To ease the constrains we increased the number of worker nodes on Galaxy-qld and changed CPU allocation for some jobs, as well as number of concurrent jobs per user. The user policy will be modified to provide a better experience for all users, but we can do better with cooperation from our users:
– do not run a new analysis on many genome-scale datasets. Develop your analysis with a small dataset, if possible.
– do not delete and resubmit queued jobs. Usually jobs are queued because there is no spare capacity on the server, or users exceed the limits on number of concurrent jobs. The submitted jobs will be completed eventually.
– use faster tools, such as HiSAT2 and StringTie.
Today we had a Galaxy workshop for postgraduate students at IMB. The participants used data and protocol from the Basic RNA-Seq Galaxy tutorial provided by Genomics Virtual Lab. The second half of the workshop was dedicated to Galaxy workflows. The participants created, modified and used a Galaxy workflow.

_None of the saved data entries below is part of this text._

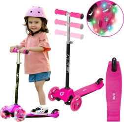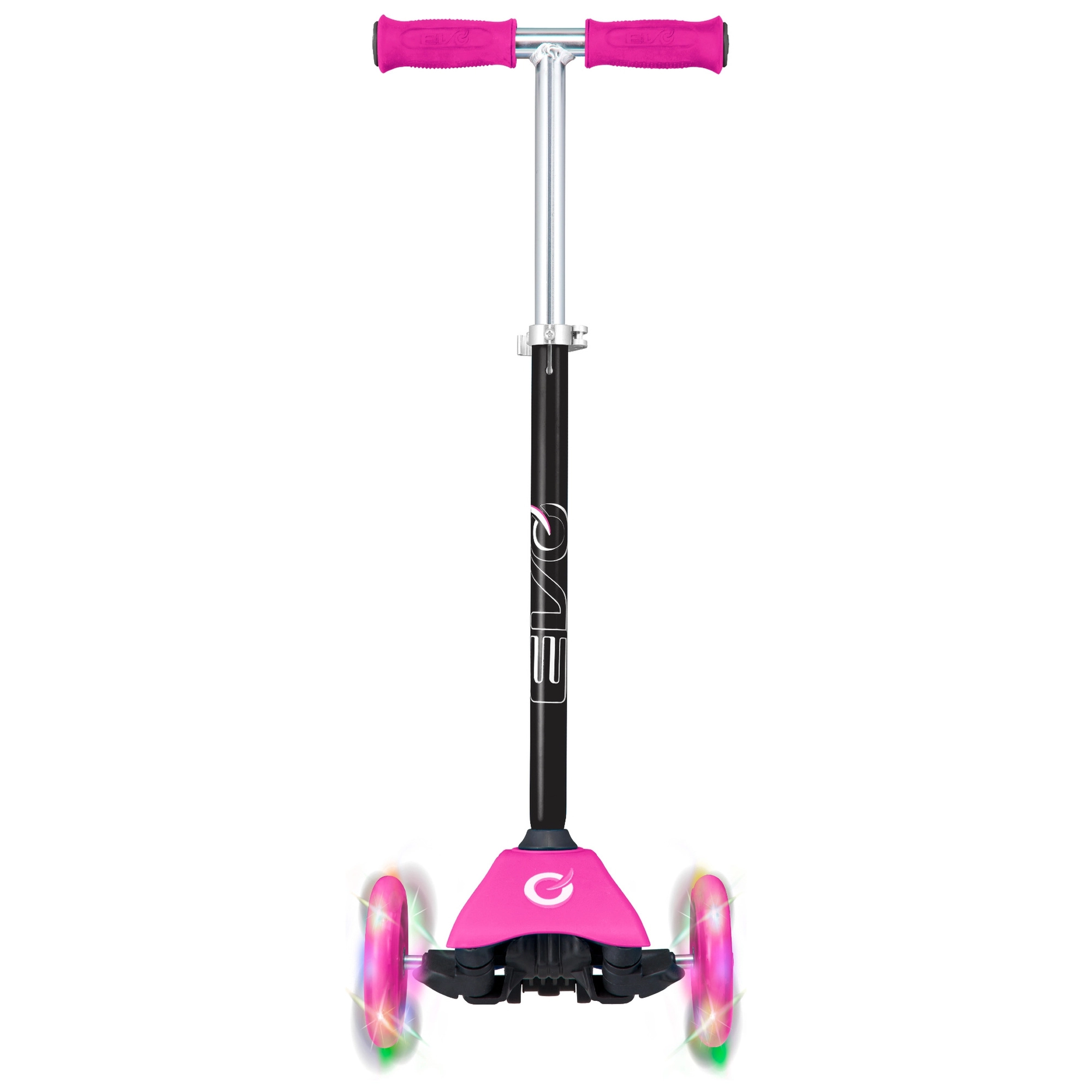 Kerge ja stabiilne laste tõukeratas EVO Mini Cruiser kolme rattaga lihtsaks tasakaalu õppimiseks. Pakub valgustusega LED-rattaid, kaldega (balanss) juhtimist, kõrguse järgi reguleeritavat lenksu ja tagumist jalapidurit. Roosa värvilahendus paelub väikseid sõitjaid, samas kui vaikne sõit ja lai astmelaud tagavad mugavuse ja ohutuse.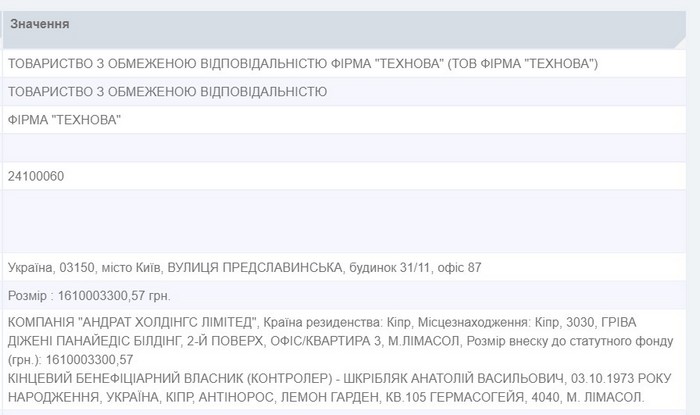 ТОВАРИСТВО З ОБМЕЖЕНОЮ ВІДПОВІДАЛЬНІСТЮ ФІРМА "ТЕХНОВА" (ТОВ ФІРМА "ТЕХНОВА") було зареєстровано 21.11.1996 на території Київської області. Кінцевий бенефіціарний власник (контролер) - 47-річний Шкрібляк Анатолій Васильович. Шкрібляк має відношення до ТЕЦ у м.Чернігів, Суми та Черкаси. За версією Форбс Україна Шкрібляк займає 99-місце серед 100 найбагатших людей нашої країни Володіє мережею ТРЦ у м.Харків, Львів та Черкаси. Нещодавно СБУ оголосила про початок досудового розслідування за фактами поставки на приналежну Шкрібляку Чернігівську ТЕЦ вугілля з окупованих територій.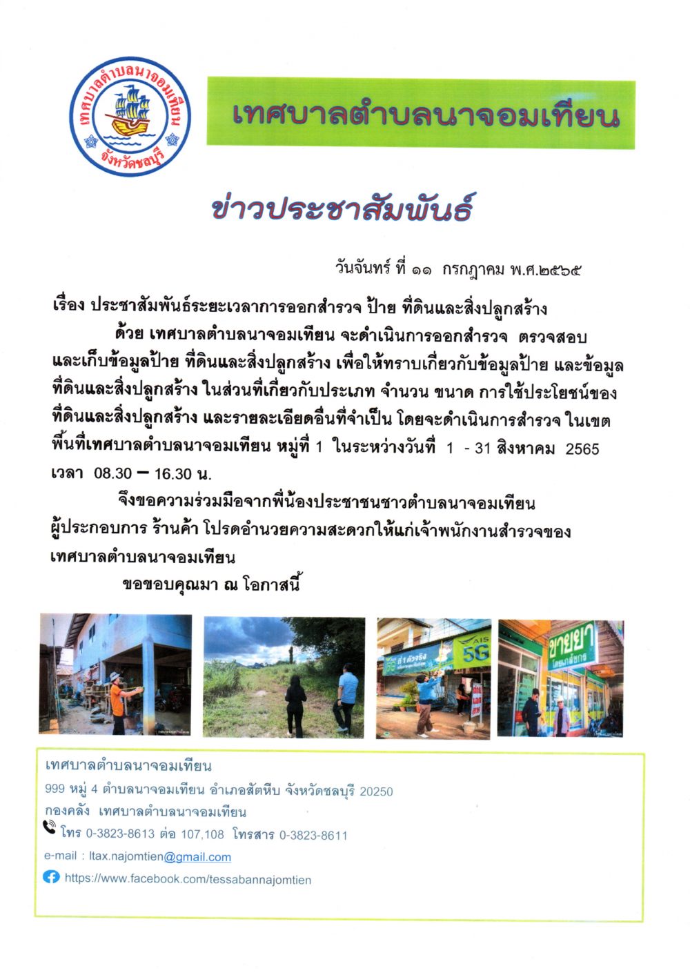 ด้วยเทศบาลตำบลนาจอมเทียน จะดำเนินการออกสำรวจ ตรวบสอบและเก็บข้อมูลป้าย ที่ดินและสิ่งปลูกสร้าง ภายในเขตเทศบาลตำบลนาจอมเทียน หมู่ที่ 1 ในระหว่างวันที่ 1- 31 สิงหาคม 2565 เวลา 8:30 - 16:30 น.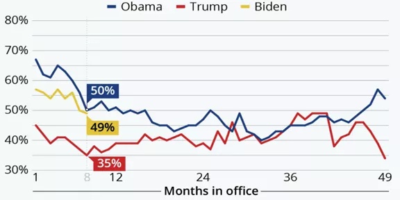 Biden held a press conference today, saying that the United States will withdraw from Afghanistan on August 31, and warned that the current security risks are getting bigger and bigger. Biden said the situation on the ground was fragile, and the Taliban said it would organize Afghan citizens to board the evacuation flight. Biden said he had instructed the Pentagon and the State Department to set a timetable for emergency evacuation and warned of the risk of Islamic State attacks outside the airport. White House Press Secretary Psaki said the White House is in contact with Afghans who have obtained special immigrant visas to provide detailed registration information; The United States has helped evacuate 48,000 Afghan refugees since August 14th. Airbnb said Tuesday it will provide free temporary housing for 20,000 Afghan refugees around the world. Affected by multiple events such as the Afghan incident and the congressional bill vote, Biden's support rate has fallen below 50% since he took office. The following picture shows the comparison of support rates among Obama, Trump and Biden during their tenure: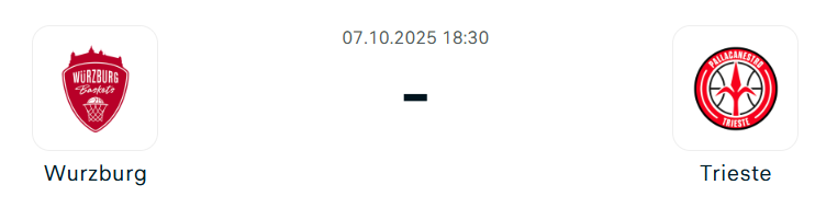 Németországba utazunk, ahol szintén BL-csoportkörös mérkőzést rendeznek. A Würzburg hazai pályán fogadja az olasz Trieste csapatát. A két együttes teljesen más előjelekkel érkezik a találkozóra: a Würzburg hibátlanul kezdte a szezont, míg a Trieste az olasz bajnokság nyitányán vereséget szenvedett.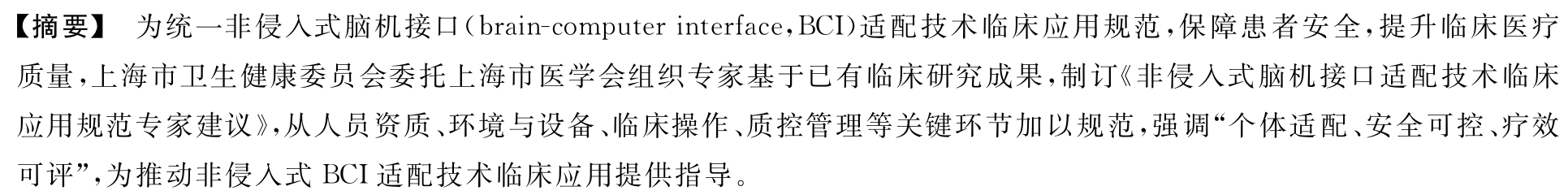 上海市医学会物理医学与康复学专科分会 上海市医学会神经内科专科分会 上海市医学会脑电图与临床神经生理学专科分会 《非侵入式脑机接口适配技术临床应用规范专家建议》工作组
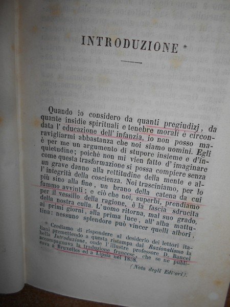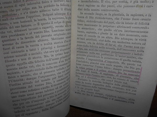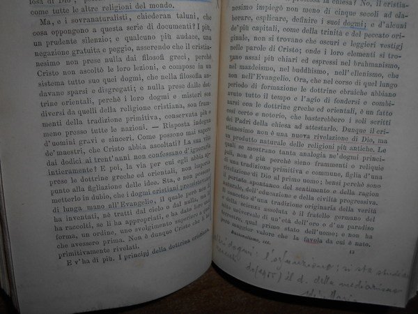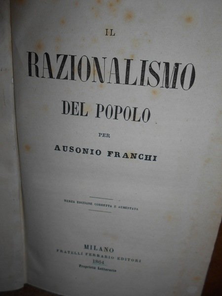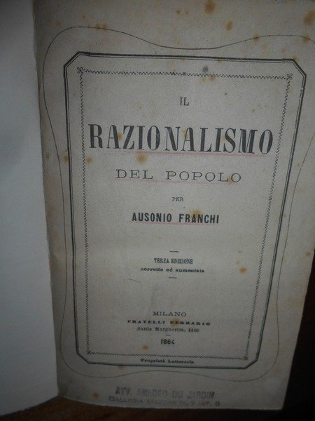 FRANCHI, Ausonio. Milano, Fratelli Ferrario, 1864. Il Razionalismo del popolo. Terza edizione corretta e aumentata. In-16°, tela con titolo in oro entro tassello al dorso, copertina originale conservata. xv, 336 pp. con sottolineature e qualche nota a margine ma in ottimo stato di conservazione in legatura nuova con brossura originale conservata. Neg. esot. mob. 60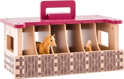 Der Stall besteht aus hochwertigem Holz und ist so konzipiert, dass er dem täglichen Spielen standhält. Sechs separate Boxen ermöglichen eine übersichtliche Aufbewahrung von Pferdefiguren und Zubehör. Ideal als Geschenk für kleine Tier- und Pferdeliebhaber.

The workshop was done on Galaxy-tut. The server was updated recently, and it coped well with the load during the workshop.
The workshop presentation is available for download as a pdf file.
A talk about Galaxy-qld at Griffith University, Gold Coast campus, is scheduled for May 22, 2017, from 12:00 to 13:00. Location: building G40, room 4.111. Title for the seminar: Galaxy-qld, a local server for genomic research. The seminar is aimed on a broad range of biologists interested in analysis of high-throughput sequencing data and does not require knowledge of genomics or programming. The even is open to everyone, without a registration. The presenter: Igor Makunin.
There will be a limited user support for Galaxy-qld users on Monday, May 22, because of the seminar.
UPDATE. Slides are available for download (link to pdf
Galaxy-qld is getting popular, with over 900 registered users. The server is crunching the data 24/7. Demand for computing resources is rising rapidly, and at times Galaxy-qld runs at full capacity, without any spare compute resources. User activity goes up around noon (Brisbane time) and remains high until late evening. We maxed out the available resources, both in storage and CPUs, and introduced changes to the server to improve performance. Since today, the registered users can run up to 12 concurrent jobs, including four concurrent jobs required 5 CPUs (most aligners, some tools from Cufflinks and GATK2 packages).
Performance of the server also can be improved by better user practice. If submitted jobs are queued for long time, check @GVL_QLD updates on Twitter. The updates are accessible to anyone through the link. There is no need to have an account on Twitter to see the feed.
Do not delete and resubmit the queued jobs. The submitted jobs will be completed eventually, usually overnight. It is ok to submit other jobs, if you have queued jobs.
Not all jobs are identical. All assembly jobs run on 16 CPUs and need a whole worker node. These jobs tend to stay in the queue for a long time. Simple jobs such as filtering, FastQC or FASTQ Groomer use a single CPU and sneak into any available slot. Most aligners use five CPUs and also tend to queue for some time.